L’artiste se transforme tranquillement en soutien.

Le petit-fils, en défenseur, par exemple lorsqu’il dit : « Vous n’êtes pas capable de le regarder en face. »

L’homéopathe joue un rôle de conciliatrice. Elle tente d’apaiser lorsque la tension monte. Le géographe est plutôt du genre organisateur.


Dans cette famille, on retrouve des règles qui définissent et régissent le comportement des membres: On assoie le père au bout de la table et l’on fait semblant qu’il n’y a pas de maladie.

. On parle de façon anarchique et l’on s’écoute très peu les uns les autres.

. On veut protéger la mère, etc.…

Dans nos familles, on joue tous un rôle… à chacun de nous de le découvrir. Qui joue un rôle de soutien, d’organisateur ou de conciliateur dans votre famille, lorsque la maladie est présente ou un événement qui génère de la souffrance et implique tous les membres de la famille?

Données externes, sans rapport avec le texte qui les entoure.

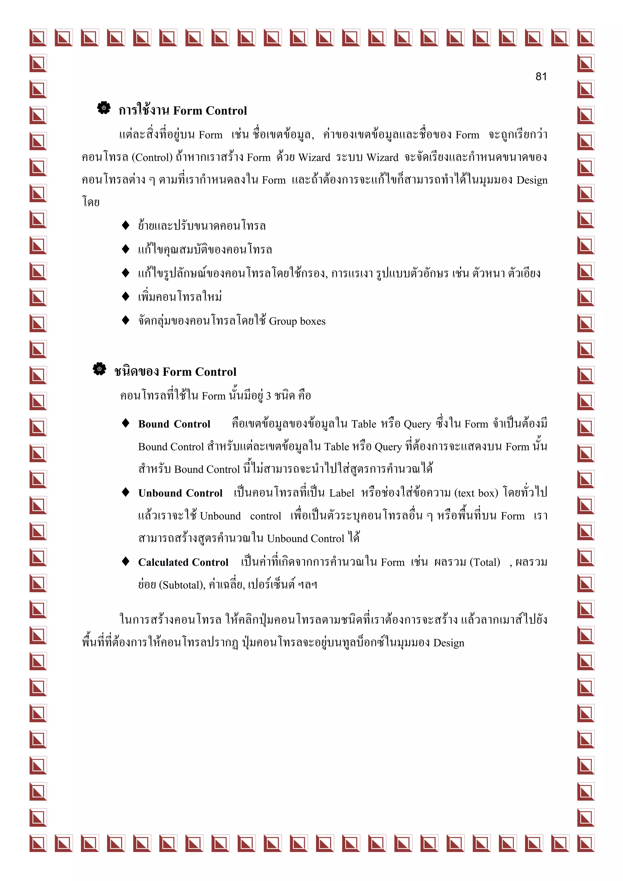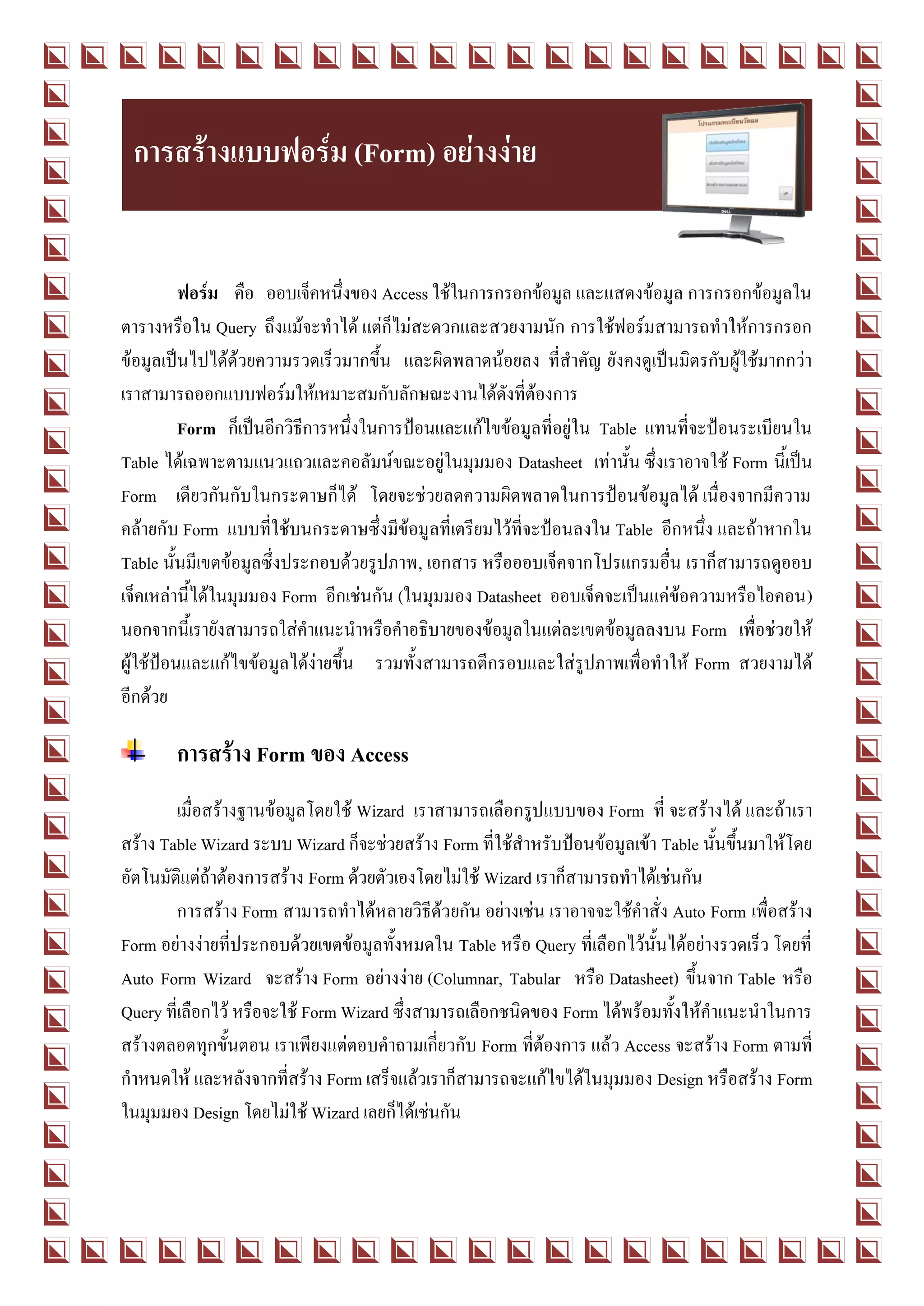 Form ในมุมมอง Design เสียก่อน โดยเรียกจากแท็บ Forms ในวินโดวส์ Database หรือจากมุมมอง Form

  • La maladie amène parfois les membres d’une famille à se protéger. On retrouve cela chez les membres de la famille d’Anatole :


Lytta Basset, théologienne Suisse, exprime ceci :

« Le soignant peut se protéger d’être déstabilisé par la souffrance de l’autre car elle rejoint sa souffrance.  On a donc besoin de se protéger de soi.  Se couper de soi et de l’autre crée l’absence de compassion…pouvant faire en sorte que la personne aidée est isolée. »


  • La maladie nous ramène dans notre histoire avec le malade. La fin de la vie fait vivre de bons moments mais parfois des événements plus difficiles avec lesquels on peut se réconcilier, si on se donne cette ouverture.

. André dira : « On se souvient des mêmes choses mais pas de la même manière. » Ce qui l’emmène dans des bons souvenirs, où son père lui avait dit: « Si tu marches toujours aussi vite, tu ne verras jamais rien. » Il finit par vivre de la tendresse envers le père

. L’épouse exprimera : « j’ai décidé de faire pour le mieux.  Je suis devenue la mère, la comptable, l’infirmière.  Je ne peux l’abandonner…l’être humain que je connais le mieux sur la terre. » Pourtant elle a voulu se séparer de son mari un jour.

.L’homéopathe se plaindra que son père l’a toujours rabaissé et rit d’elle… Elle n’a pas vécu de transformation comme son frère André.

  • Parfois cette histoire difficile ne va pas se régler facilement et le travail appartient à chacun, à sa capacité de transformation intérieure, à sa conscience et aux choix qu’on fait.
  • L’accompagnement d’un proche ou d’un étranger invite à une transformation intérieure, une transformation de soi. : « Ma colère et le besoin de justice s’en sont Allés en curiosité pour cet homme » dira  André.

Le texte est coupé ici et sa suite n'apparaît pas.